Evolve a colony of organisms (based on C. elegans) to adapt to various environmental stimuli, using an evolutionary algorithm and spike-timing dependent plasticity.
The purpose of this project was to evolve the brain structure of a roundworm, C. elegans, so that it could differentiate between various environmental stimuli and react accordingly. C. elegans was chosen as the inspiration for this project as it is the animal with the fewest neurons, yet still capable of a wide range of responses.
Two basic algorithms form the foundation of this project. On the level of the individual organism, learning was accomplished via Spike-Timing Dependent Plasticity (STDP). The concept of STDP is simple: if an input spike to a neuron occurs immediately before the neuron’s output spike, then the connection between those two neurons is strengthened. On the other hand, if an input spike occurs after the neuron’s output spike, then the connection is weakened. The closer the time between input and output spike, the greater the strengthening/weakening of the connection. STDP was chosen over more complex machine learning algorithms as it is more biologically plausible. For example, a neural network involving backpropagation would be unlikely from a biological perspective, as synapses are one-directional.
On the level of the entire colony of organisms, an evolutionary algorithm was applied to select the most suitable brain structure. The neurons were arranged in layers, with each neuron in the Nth layer connected to all neurons in the N-1th and N+1th layers. The number of neurons in each layer was subject to evolutionary pressure, as well as various constants involved in synapse weight, synapse delay, and neuron threshold.
Two sets of experiments were conducted. The first set monitored various key statistics as the colony evolved.
Here, it can be seen that the health of the colony shows a clear increase over time, eventually reaching a plateau. This indicates the success of the evolutionary algorithm. Due to the random nature of the map, the organisms were not able to achieve optimal health.

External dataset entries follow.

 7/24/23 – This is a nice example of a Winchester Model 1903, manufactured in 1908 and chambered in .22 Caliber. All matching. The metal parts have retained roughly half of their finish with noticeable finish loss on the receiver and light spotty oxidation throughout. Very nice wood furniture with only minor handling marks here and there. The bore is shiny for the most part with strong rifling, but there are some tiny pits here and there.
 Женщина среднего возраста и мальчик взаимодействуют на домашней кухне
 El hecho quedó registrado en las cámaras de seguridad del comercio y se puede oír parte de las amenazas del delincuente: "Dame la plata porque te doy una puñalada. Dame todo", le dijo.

The results here are inconclusive. Most remained quite constant, though layers 2 and 4 seem to be slightly lower than layers 1, 3, and 5, which hints at an alternating layer structure. Again, however, the data is too noisy to indicate any real change.

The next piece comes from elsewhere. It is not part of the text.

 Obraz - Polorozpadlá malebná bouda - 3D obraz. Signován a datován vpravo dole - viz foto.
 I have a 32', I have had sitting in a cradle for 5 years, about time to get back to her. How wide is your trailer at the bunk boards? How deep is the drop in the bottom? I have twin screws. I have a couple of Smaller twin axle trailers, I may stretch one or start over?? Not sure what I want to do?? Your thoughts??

These three graphs deal with various parameters involved in the processing of neurons and synapses. None show a very clear change as generations evolved. Indeed, setting different initial values for these parameters also saw little change.

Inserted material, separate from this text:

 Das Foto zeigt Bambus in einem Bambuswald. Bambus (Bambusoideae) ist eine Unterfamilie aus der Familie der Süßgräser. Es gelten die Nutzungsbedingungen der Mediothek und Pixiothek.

This graph indicates the average age of organisms in the colony. Clearly, there is a sharp initial increase and a slower decline. Comparing this to the average health graph, it can be seen that the increasing phase corresponds to the sharp initial increase in colony health, i.e. the phase where fitter organisms are able to explore the environment and survive due to increased health. Then, as colony health increases at a slower rate and begins to plateau, all organisms achieve a fairly high health, and as a certain number are selected to die off regardless of health, the process is more or less random, leading to a decline in average age.
The second set of experiments was designed to test if individual organisms were actually capable of learning. In the first set, only two environmental inputs were given: one which increased health, and one which decreased it. In this second set, a third input was added, which always had an equal value to the input beneficial to health, but had no effect on its own. If the organism was capable of learning, it could associate the third input with the first one, and in turn with a benefit in health. Therefore, it would move to areas with greater concentration of the third input, even after elimination of other inputs from the map.
In this experiment, the colony was evolved for 50 generations on a map where the first and third inputs increased with x-axis position. Then, for the next 50 generations, the first input was eliminated, and the third input was increased with y-axis position. Evolution of the colony was switched off.
From the graph, it can be seen that there is an overall increase in y-axis position, indicating that learning did occur, proving the success of the STDP method when combined with an evolutionary algorithm.